“34% of Californians say they are considering moving out of the state due to housing costs,” according to statistics from a new report from the Public Policy Institute of California.
It’s a nonprofit think tank founded in 1994 “to inform and improve public policy in California through independent, objective, nonpartisan research.” (Founded with a grant from Bill Hewlett of Hewlett-Packard, it also gets funding from the David and Lucile Packard Foundation). The report’s startling conclusion? “After a century of explosive growth, California is likely to become a slow-growing state.” After the year 2030 California’s seniors (older than 65) are expected to outnumber its children. “In 2020, California had nearly four residents ages 18-64 for every adult 65 and older. This ratio is expected to drop to 2.8 by 2030 and 2.2 by 2060, if current trends continue.”
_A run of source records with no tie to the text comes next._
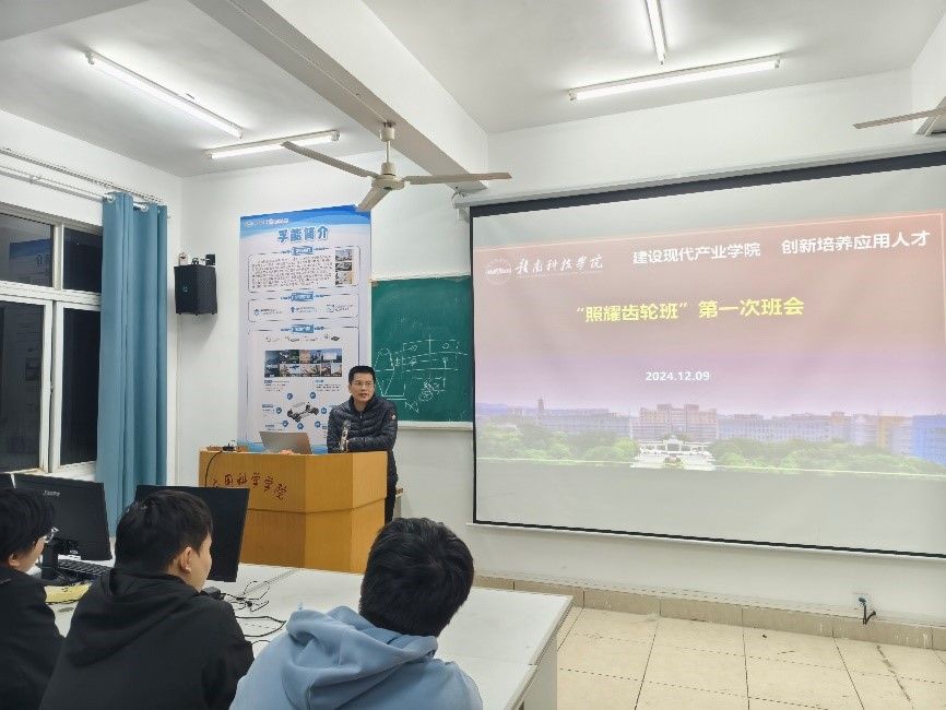 本网讯:12月9日,2026届“照耀齿轮班”“优必选机器人班”和“格力明珠班”分别召开首次班会。2026世界杯预测执行经理刘辉、副经理关开荣、教学管理部主任王腊节、产业服务部主任葛德亮,各班级教研室正副主任、班主任以及全体同学参加了会议。班会由葛德亮主持。
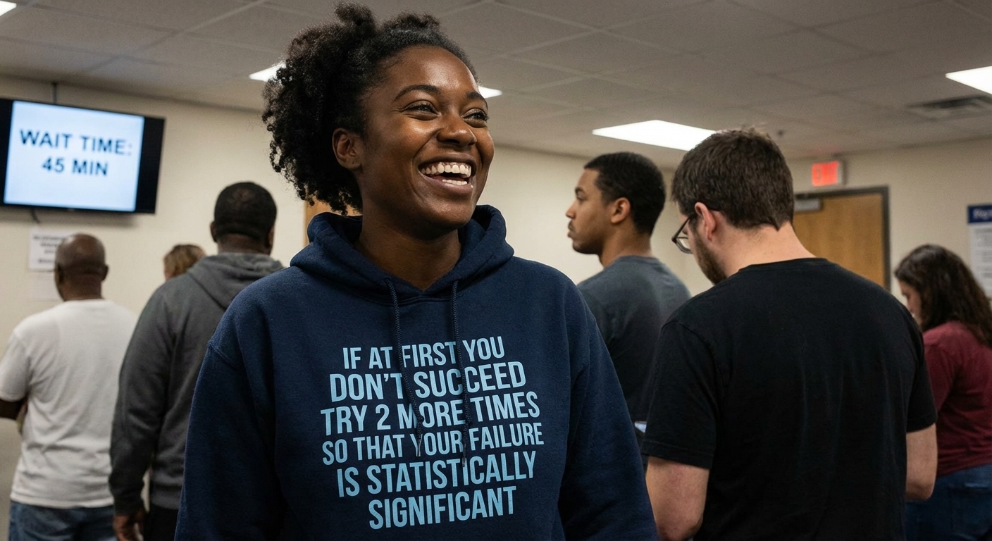 This design presents a humorous take on the traditional motivational quote, adding a clever, academic twist. It plays on the concept of statistical significance, applying it to repeated failures in a witty and self-deprecating manner.
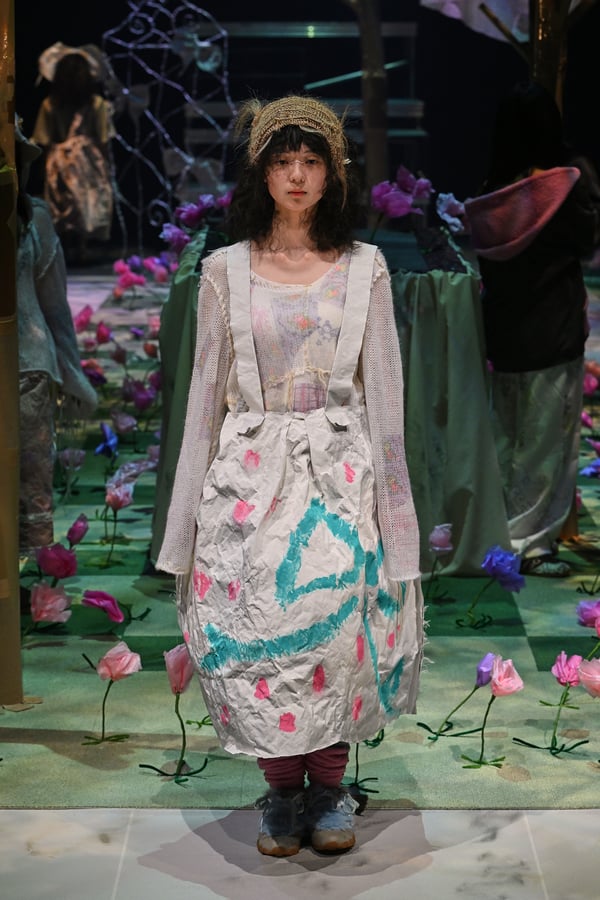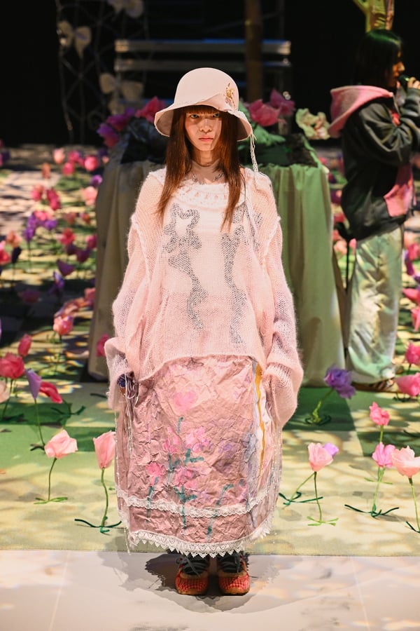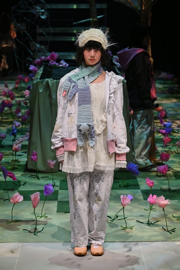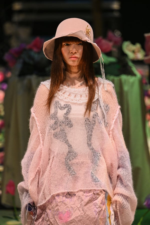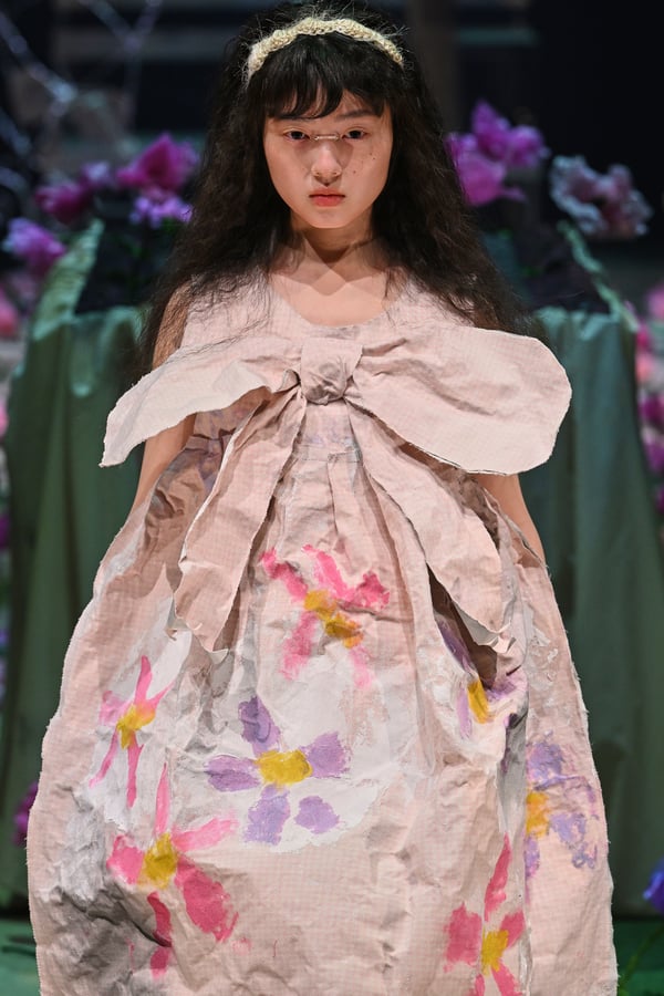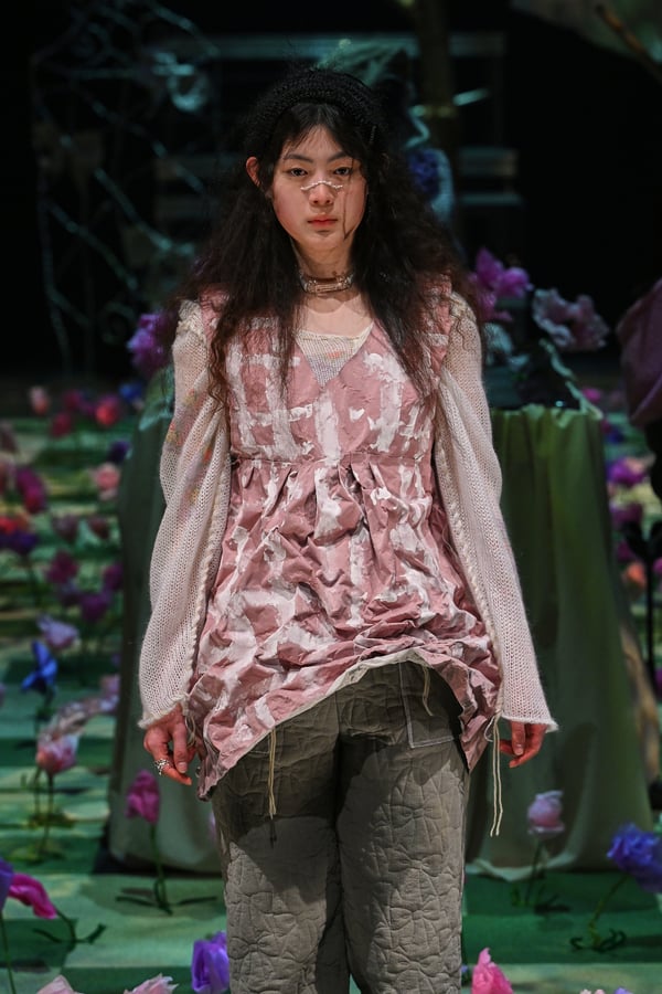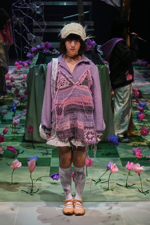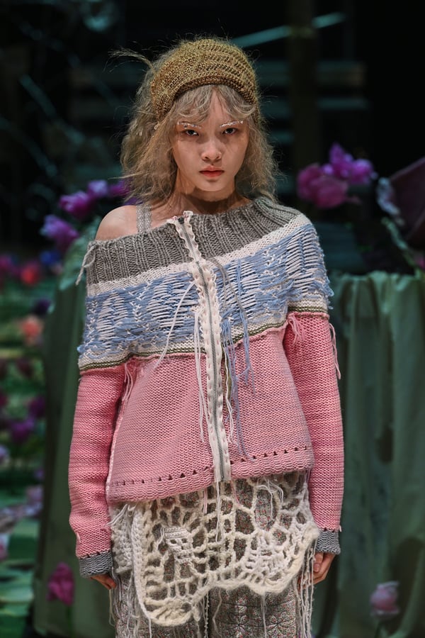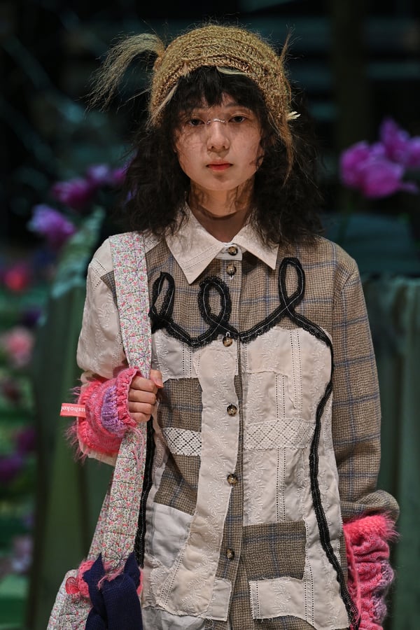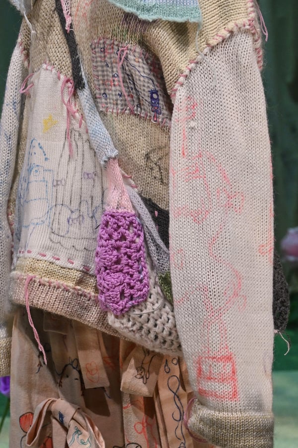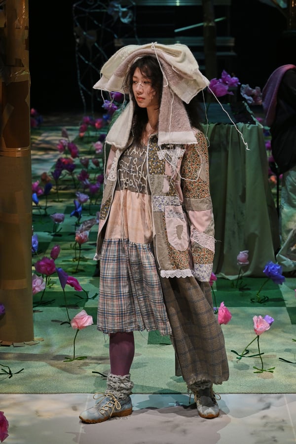 コレクションでは、ブランドのシグネチャーであるハンドニットやパッチワークを巧みに用いて、「誰かの記憶の中の家」を思わせる温かみのある空間を表現。カーテンを縫い合わせたスカートやワンピースからは、生活の気配や日常の記憶がにじみ出ていた。コレクションの随所に散りばめたどこか退廃的な印象のリボンは、可愛らしさと同時に脆さや儚さを想起させるモチーフとして機能。頭を覆い隠すほど大きなヘッドピースは、「キジマ タカユキ(KIJIMA TAKAYUKI)」とコラボレーションし製作した。
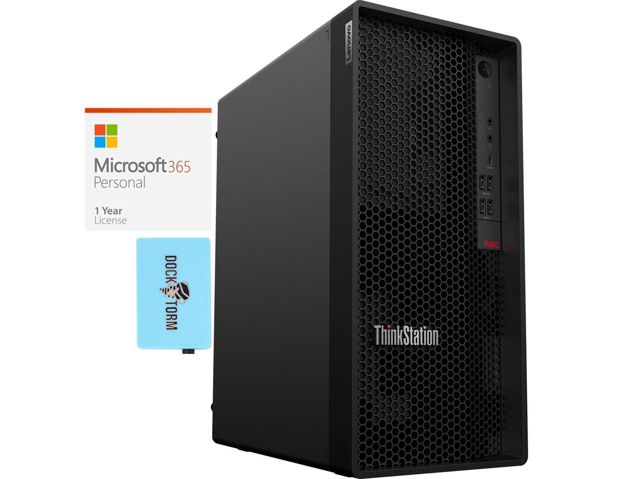 Lenovo P360 Workstation Desktop (Intel i7-12700 12-Core, Intel UHD 770, 16GB DDR5 4800MHz RAM, 1TB PCIe SSD + 2TB HDD (3.5), Wifi, Bluetooth, Win 10 Home) with Microsoft 365 Personal , Dockztorm Hub
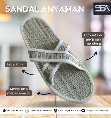 Kami adalah produsen sandal hotel berpengalaman, menyediakan berbagai model sandal custom untuk memenuhi kebutuhan hotel Anda dengan kualitas terbaik.

Births are outpacing deaths by over 106,000 people a year. (Even during the pandemic California had a lower COVID mortality rate than most states.) And international immigration remained a net positive with a 90,000-person increase in 2022. Yet all of this was offset in 2022 by a net loss of 407,000 people migrating out of the state.
California already has a population of 39 million — but the full report cites July 2023 projections from the state’s Department of Finance that now “suggest that the state population will plateau between 39 and 40 million residents in the long term.”